Audio transcription (speech-to-text) is performed by Echomedic's own infrastructure hosted within the EU/EEA. HelseID authentication is handled by Norsk Helsenett SF in accordance with their own privacy policy.

7. Your Rights Under GDPR

As a data subject, you have the following rights:

  • Right of access — You may request information about what personal data we process about you.
  • Right to rectification — You may request correction of inaccurate personal data.
  • Right to erasure — You may request deletion of your personal data, subject to legal obligations.
  • Right to restriction — You may request that we restrict the processing of your data.
  • Right to data portability — You may request your data in a structured, machine-readable format.
  • Right to object — You may object to the processing of your personal data.

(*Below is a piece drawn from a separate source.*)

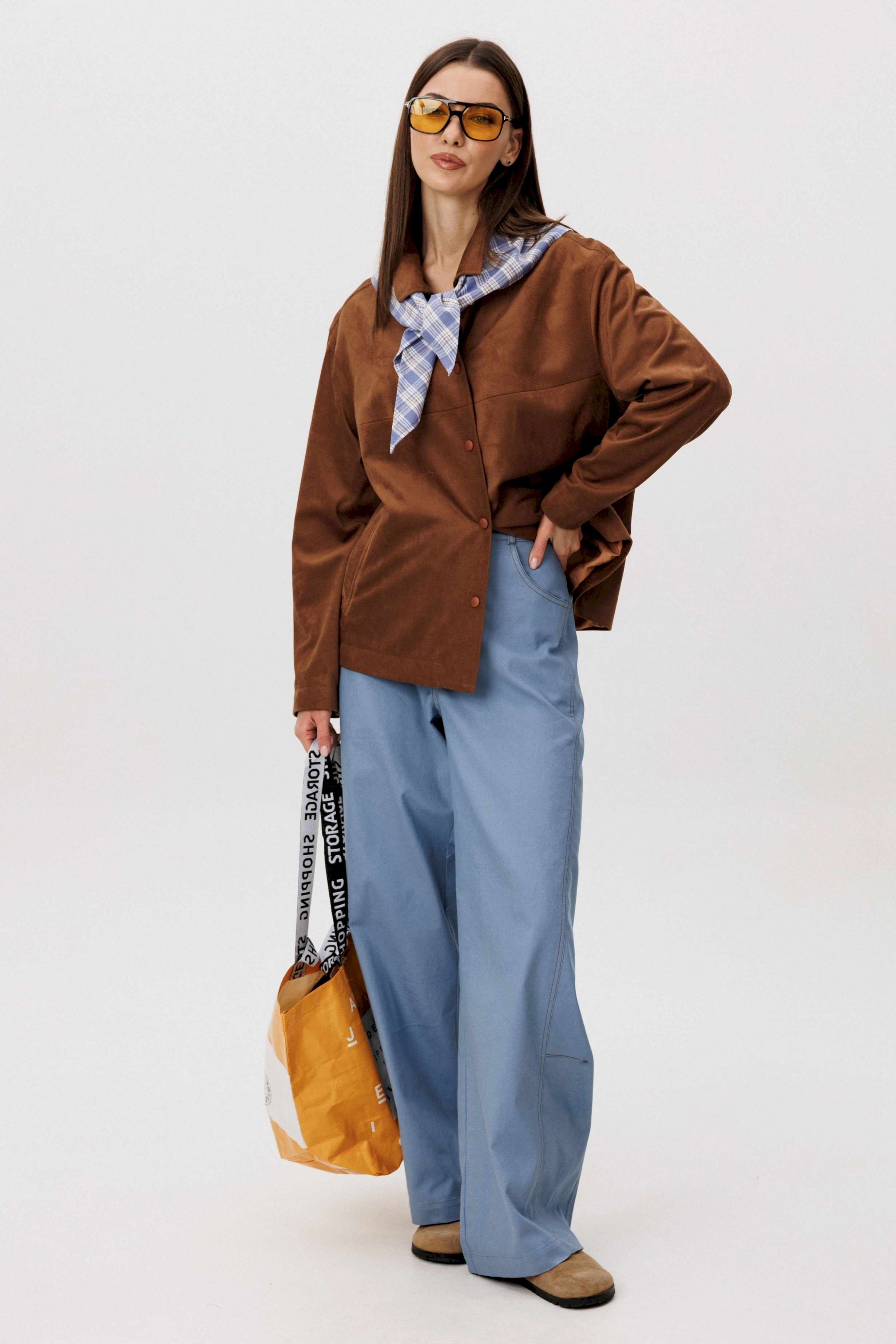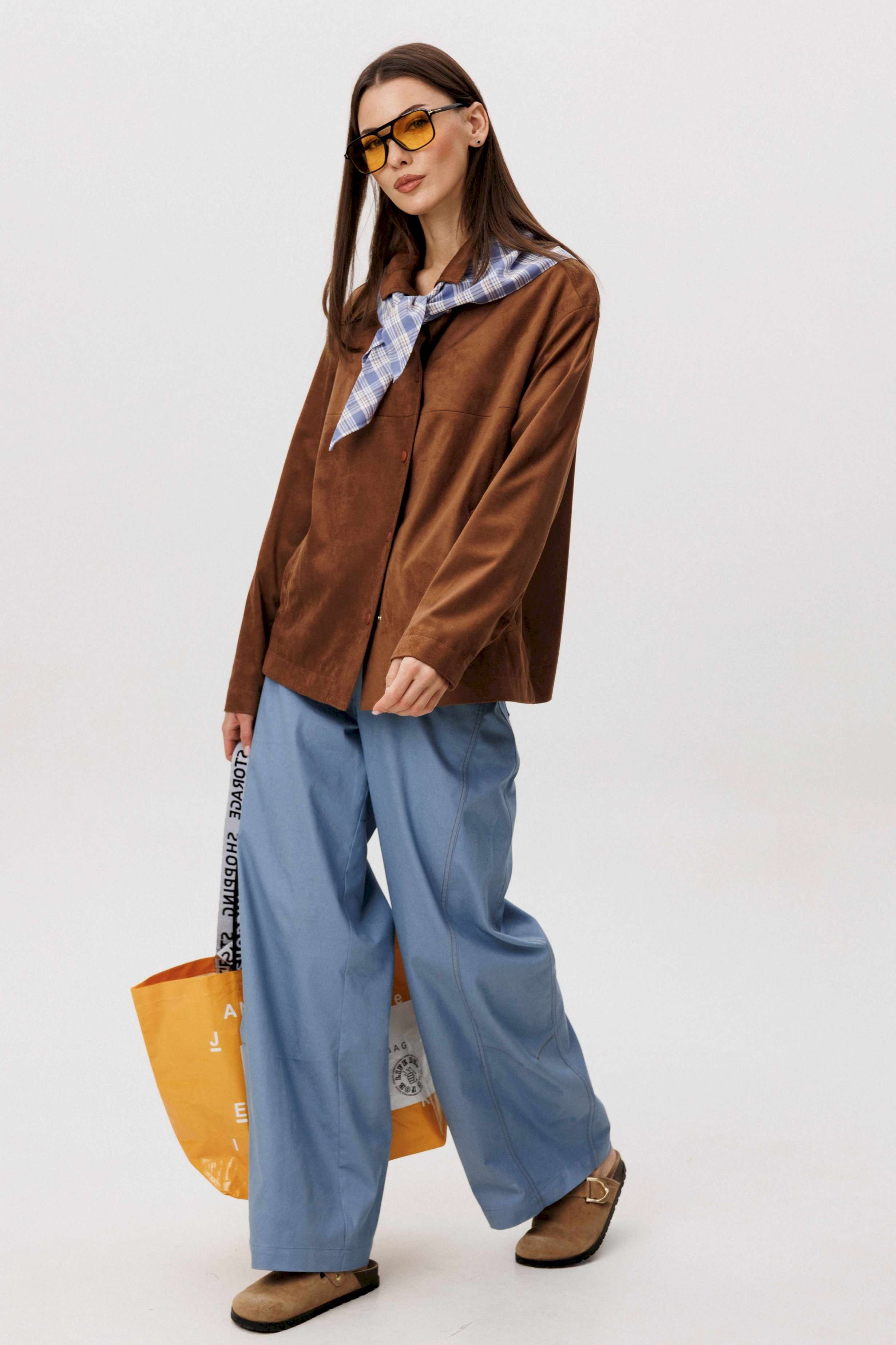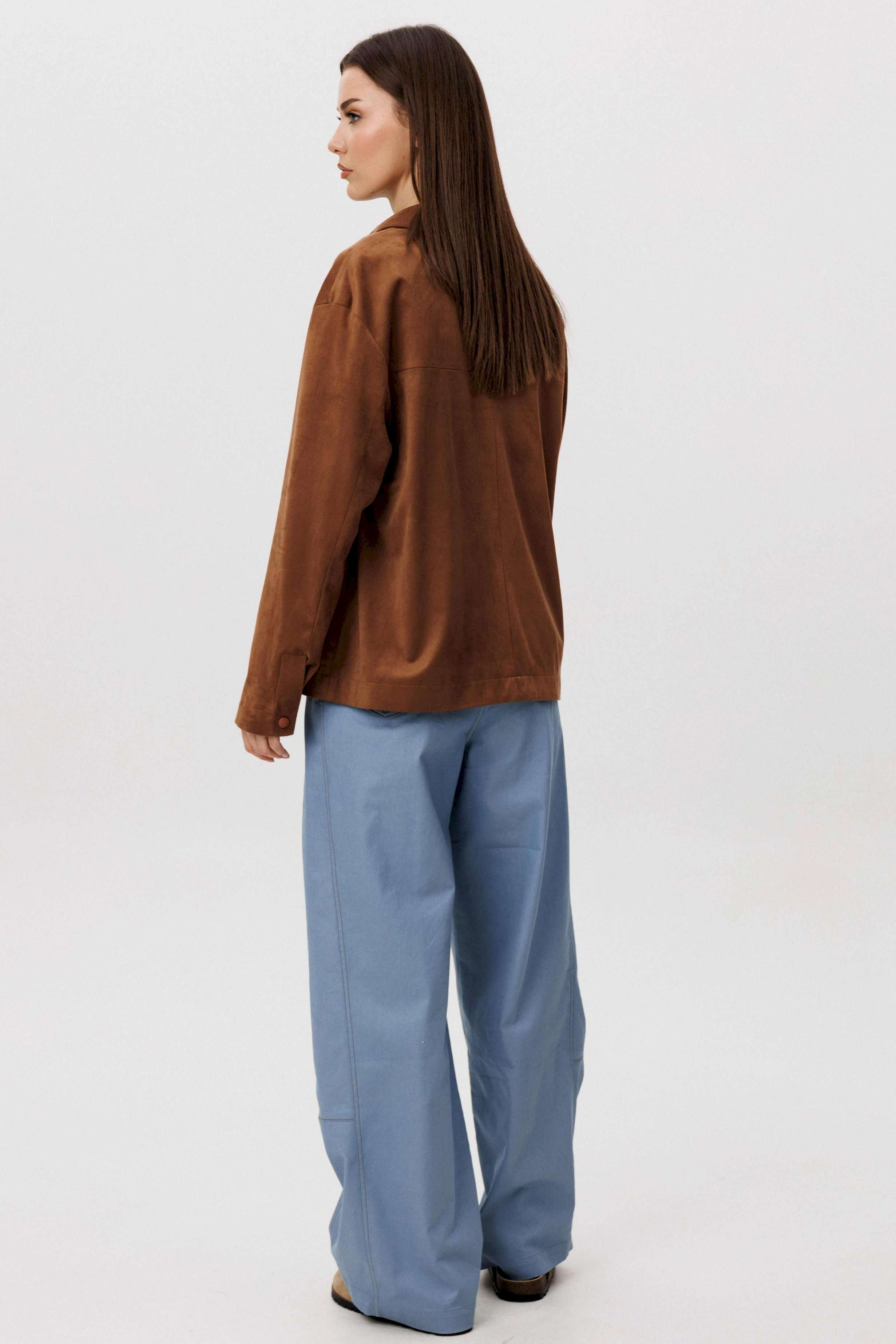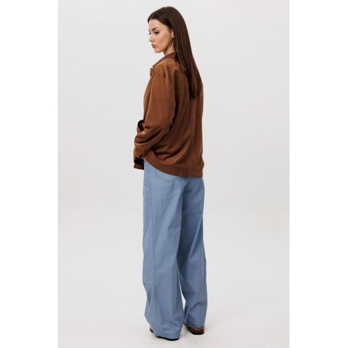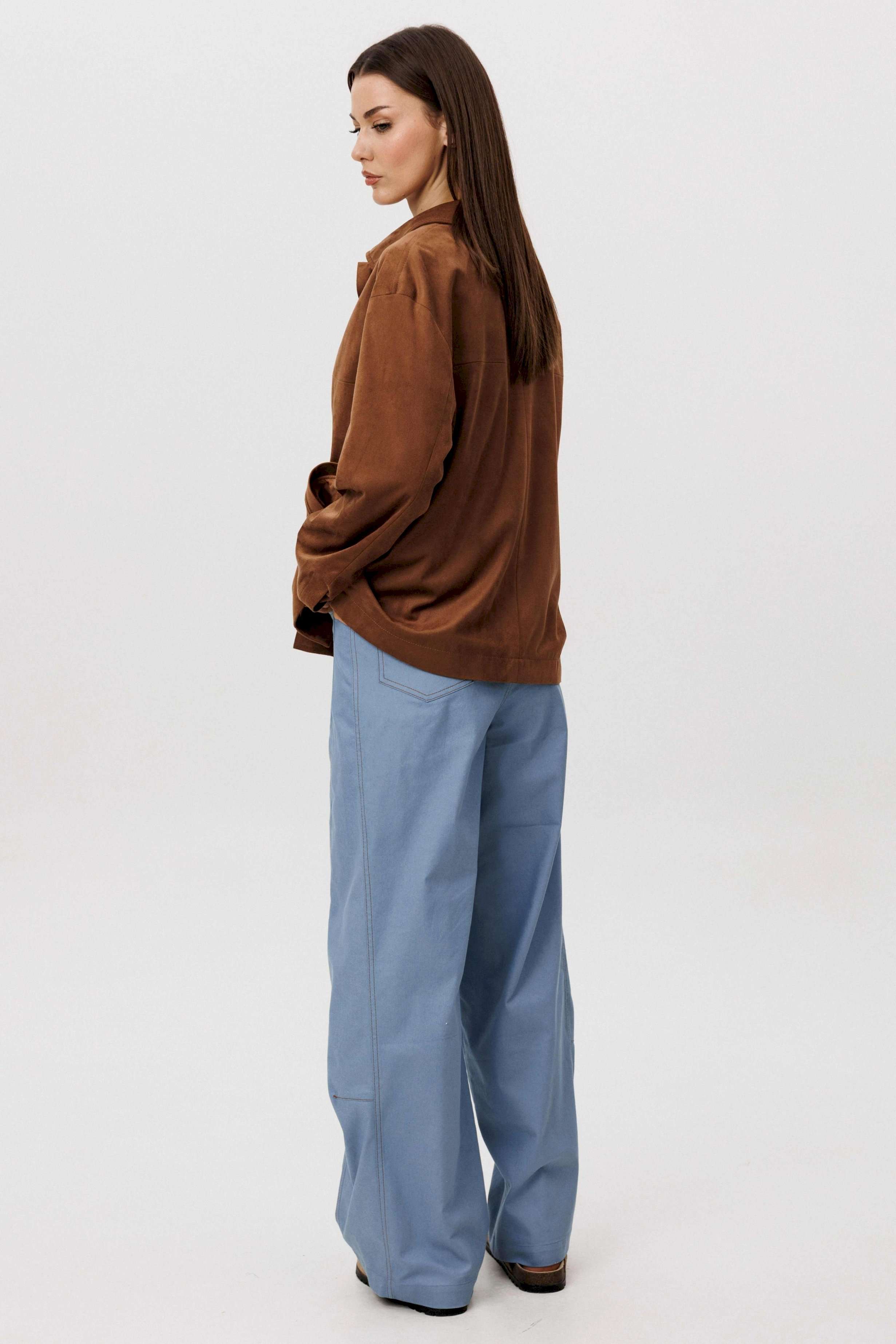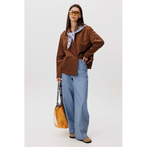 Стильный женский брючный костюм в стиле смарт-кэжуал сочетает комфорт и элегантность. Рубашка выполнена из замшевой ткани, брюки из джинсовой ткани тиффани. Идеальный выбор для повседневных образов. Рубашка: Свободный прямой силуэт, комфортная посадка. Материал под замшу в насыщенном коричневом оттенке. Классический отложной воротник. Застежка на кнопки. Практичные боковые карманы. Брюки \"\"baggy\"\" из денима, с интересным худящим эффектом, достигаемым за счет отрезной боковой части, смещенной на передних и задних половинках. Джинсы на отрезном поясе со шлевками, с фигурными карманами по передним половинкам. Задние половинки брюк с отрезной кокеткой и накладными карманами. Боковая часть брюк с отделочными вытачками, придающими легкий объем в области голени. Длина брюк около 106см.

To exercise any of these rights, please contact us at odin.berre@echomedic.no.

8. Data Security

We implement appropriate technical and organizational measures to protect your personal data, including: encryption in transit (TLS 1.2+) for all data transmission; no persistent storage of audio or transcription data; session data stored in the iOS Keychain (hardware-encrypted); access controls and authentication via HelseID; regular security assessments and compliance reviews. Echomedic follows Normen (Norm for informasjonssikkerhet og personvern i helse- og omsorgssektoren) as our baseline for information security in the healthcare sector.

9. Contact Information

For questions regarding this privacy policy or your personal data, please contact:

Echomedic AS, Stensberggata 29, 0170 Oslo, Norway

Email: odin.berre@echomedic.no

Phone: +47 472 34 255

10. Supervisory Authority

If you believe that our processing of your personal data violates GDPR, you have the right to lodge a complaint with the Norwegian Data Protection Authority (Datatilsynet):

Datatilsynet, P.O. Box 458 Sentrum, 0105 Oslo, Norway — www.datatilsynet.no

11. Terms of Use

The Echomedic app is intended for use by authorized healthcare professionals in prehospital emergency medical services. By using the app, you agree that:

  • You are a licensed healthcare professional with a valid HPR number.
  • You will use the app in accordance with applicable laws, regulations, and professional standards.
  • Transcriptions and generated notes are decision-support tools and do not replace clinical judgment. You are responsible for reviewing and approving all generated content before it is entered into the patient record.
  • You will not attempt to reverse-engineer, modify, or misuse the app or its services.

Echomedic AS provides the app 'as is' and does not guarantee uninterrupted availability. We reserve the right to modify or discontinue the service with reasonable notice.

12. Changes to This Policy

We may update this privacy policy from time to time. Material changes will be communicated through the app or via email. Continued use of the app after changes constitutes acceptance of the updated policy.